Writing to memory was triggering hardware
In the post about the memory map we saw that certain regions were not regular RAM. The range from $D000 to $DFFF belonged to the hardware chips. The VIC-II, the SID, and the CIA. But what that means in practice only becomes clear when you see the code.
To change the border color on the C64, you wrote:
LDA #$02 ; 2 = red in the C64 palette
STA $D020 ; write to the border color register
Two instructions. No system call. No driver. No API. You wrote a byte to an address and the border turned red immediately, on the next clock cycle. This is memory-mapped I/O: the hardware chips lived in the same address space as RAM, and writing to those addresses did not store data. It commanded the hardware directly.
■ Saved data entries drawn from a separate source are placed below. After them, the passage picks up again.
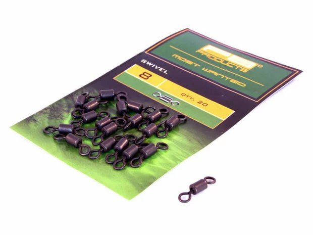 Bij het maken van onderlijnen kun je niet zonder wartels. Dit is de standaard wartel van PB Products die uitgebreid inzetbaar is. Deze ‘rolling swivel’ is in maat 8 en daardoor te gebruiken met vrijwel alle bekene lood soorten.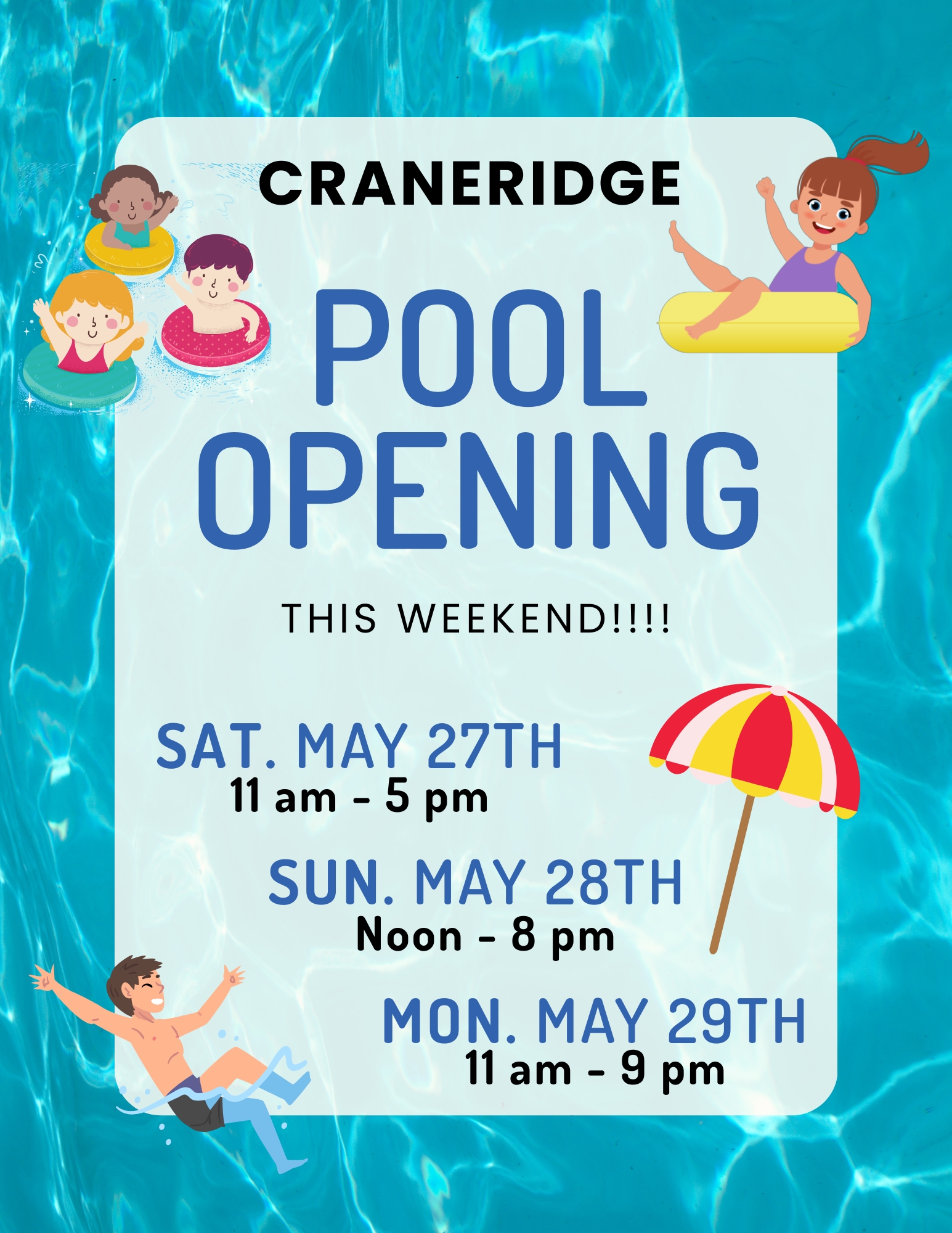 Pool Hours this weekend (Saturday 6/3 & Sunday 6/4) 11:00 am – 8:30 pm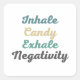 Looking for a way to brighten up your day and spread positivity? Look no further than our "Inhale Candy Exhale Negativity" stickers! These fun and playful stickers feature the inspiring message "Inhale Candy Exhale Negativity". Stick them on your laptop, water bottle, or anywhere else you want to add a little bit of joy and positivity. Made from high-quality vinyl, these stickers are waterproof, weather-resistant, and long-lasting, so you can enjoy them for years to come. Order yours today and start spreading the love!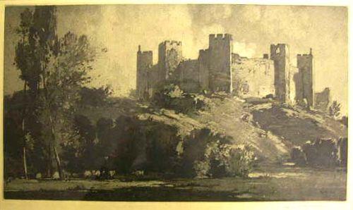 A BLACK AND WHITE PRINT; Depicting castle and cattle in foreground, signed LR illegible Leonard R. 13"h x 8"w

There was no layer between the code and the effect. None.
VIC-II, video without a graphics card
The VIC-II exposed its 47 registers in the region $D000 to $D02E. Each one controlled an aspect of what appeared on screen. Colors, sprite positions, graphics mode, scrolling, synchronization with the video beam.
The C64 palette was fixed at 16 colors, numbered 0 to 15. Color 0 was black, 1 white, 2 red, and so on. To change the background:
LDA #$06 ; 6 = blue
STA $D021 ; background color register
Sprites followed the same pattern. Each sprite had two registers for position, one for X and one for Y, plus control bits spread across other registers. To enable sprite 0 and position it:
LDA #$01
STA $D015 ; bit 0 = sprite 0 enabled
LDA #$60 ; X position = 96
STA $D000 ; sprite 0 X register
LDA #$80 ; Y position = 128
STA $D001 ; sprite 0 Y register
One detail that shows the level of control available: the VIC-II drew the screen line by line, top to bottom, 50 times per second in PAL standard. Register $D012 reported which line the beam was on at that exact moment. Programs that wanted visual effects synchronized with the raster, like changing colors halfway down the screen, had to wait for the beam to reach the right line before writing to the register. Experienced programmers did this in loops that counted clock cycles, knowing exactly how many instructions fit between one line and the next.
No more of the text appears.